Am 12. September treten in Israel alle 15 Richterinnen und Richter des Obersten Gerichts zusammen. Sie werden sich Klagen gegen ein Herzstück der hochumstrittenen «Justizreform» der Regierung anhören. Je nachdem, was das Höchste Gericht macht, kommt es in Israel zu einer gefährlichen Staatskrise.
Worum geht es?
Premier Benjamin Netanjahus rechtsradikale, ultra-religiöse Parlamentsmehrheit hat vor der Sommerpause ein Gesetz verabschiedet, welches die Macht des Obersten Gerichts stark beschränkt. Faktisch kann die Mehrheit im Parlament jedes beliebige Gesetz erlassen. Selbst Gesetze, die Minderheiten diskriminieren, gegen Menschenrechte verstossen oder Korruption begünstigen, dürfen vom Höchsten Gericht nicht mehr für ungültig erklärt werden. Die politische Mehrheit im Land könnte also willkürliche Gesetze erlassen, die alleine in ihrem Interesse sind.
Das Gesetz, das die Macht des Obersten Gerichts beschränkt, ist in Kraft. Darf denn das Gericht überhaupt über dieses Gesetz entscheiden?
Das ist genau der Haken. Laut geltendem Gesetz hat das Gericht keine juristische Grundlage, um dieses hochumstrittene Grundgesetz für ungültig zu erklären. Regierungsvertreter, inklusive Premier Netanjahu, haben dem Gericht deshalb mit Konsequenzen gedroht, sollte es sich nicht ans geltende Gesetz halten oder dieses gar für ungültig erklären. Denn damit würde das Gericht das Gesetz brechen.
Was passiert, wenn das Oberste Gericht das Gesetz trotzdem für ungültig erklärt?

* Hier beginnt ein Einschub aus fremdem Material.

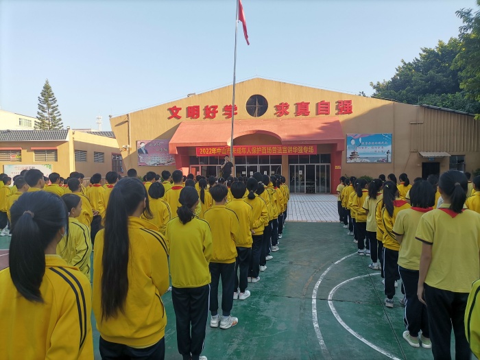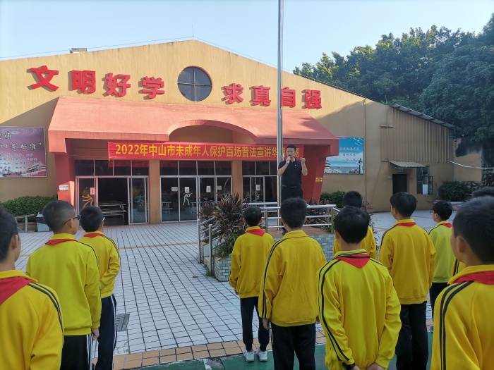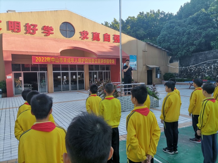2022年10月12日,华强学校邀请中山市沙溪镇云汉小学李荆校长,为全校师生上了一堂生动的法制教育课,主题是——《中华人民共和国未成年人保护法》视域下的“六大保护”。
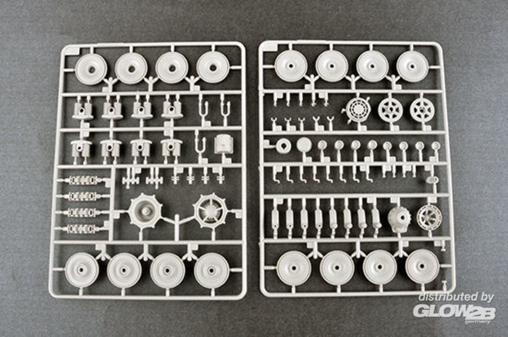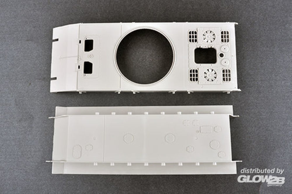 The kit w/refined detail multi-slide moulded lower hull ,upper hull and turret rubber tracks. Photo etched parts included. Zusatzinformationen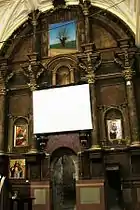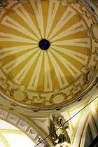 La planta es de tres naves, siendo más elevada la central que las laterales, y consta de seis tramos más una cabecera rectangular. Diez pilares de fuste prismático soportan unas cubiertas que la reforma barroca acometida en el siglo XVII convirtió en falsas bóvedas de arista, enlucidas y molduradas. El falso crucero, ante el Presbiterio y la Capilla Mayor, fue cubierto con una cúpula gallonada decorada con yeserías y apoyada sobre pechinas, en las cuales se colocaron relieves de cuerpo entero de los cuatro Evangelistas. Se considera al artista paredeño Felipe Berrojo de la Rúa autor de este trabajo.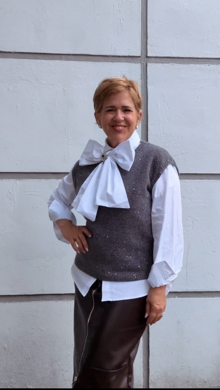 Elevate your layering game with this grey sparkle knitted vest. Crafted from a soft knit fabric with subtle shimmer detailing, this versatile piece transitions seamlessly from casual to polished. The sleeveless design makes it ideal for layering over long-sleeve tops or wearing solo during milder seasons. Perfect for adding dimension to your everyday wardrobe while maintaining an understated sophistication.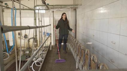 Esther pone a punto la sala de ordeño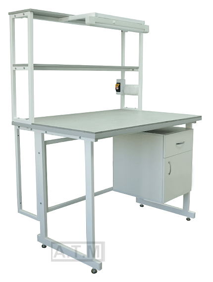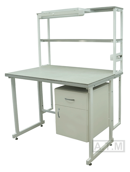 Стол снабжен надстройкой с 2 полками, 2 розетками, автоматом отключения питания на 16А и светодиодным светильником;

Dann kommt es zur Staatskrise, weil die Gesellschaft, die Führung staatlicher Institutionen und Staatsbeamte entscheiden müssten, wem sie folgen wollen: der Regierung oder dem Obersten Gericht. Ein mögliches Szenario: Sollten sich Armeeführung und Geheimdienste hinter das Gericht stellen und damit gegen die Regierung, wäre das faktisch ein militärischer Coup. Denn ohne Unterstützung des Militärs ist die Regierung machtlos. Gleichzeitig ist die Armee gespalten. In Israel gilt die allgemeine Wehrpflicht für Frauen und Männer. Entsprechend steht ein Teil der Armeeangehörigen hinter der Regierung, ein anderer Teil dagegen. Das heisst: Ein Entscheid des Obersten Gerichts könnte Israel an den Rand eines Bürgerkrieges bringen.
Niemand in Israel will einen Bürgerkrieg. Sind den obersten Richtern die Hände gebunden?
Ja und nein. Israel hat keine Verfassung. Es hat nur eine Serie von Grundgesetzen. Das Oberste Gericht hat diese zwar vor Jahren als eine Art Verfassung bezeichnet. Eine richtige Verfassung sind diese Gesetze jedoch nicht, und bieten deshalb keine Anleitung, wie ein Konflikt wie dieser gelöst werden könnte. Das macht es den Richtern so schwer, zu entscheiden.
Was für Möglichkeiten haben denn die Richterinnen und Richter unter diesen Umständen?
Sie können das Gesetz stehen lassen. Dann könnte die Regierung ungehindert Gesetze verabschieden, welche zum Beispiel Frauenrechte aushebeln. Sie können das Gesetz für ungültig erklären: damit provozieren sie eine Staatskrise. Sie können sich aber auch vor einem Entscheid drücken, und das Gesetz etwas abschwächen. Auch das ist allerdings heikel, weil die amtierende Regierung und ihre Anhängerschaft nicht kompromissbereit zu sein scheint.
Wann entscheidet das Oberste Gericht?
Das ist noch völlig unklar. Es hat maximal 90 Tage Zeit, sich mit den Klagen gegen das Gesetz zu befassen.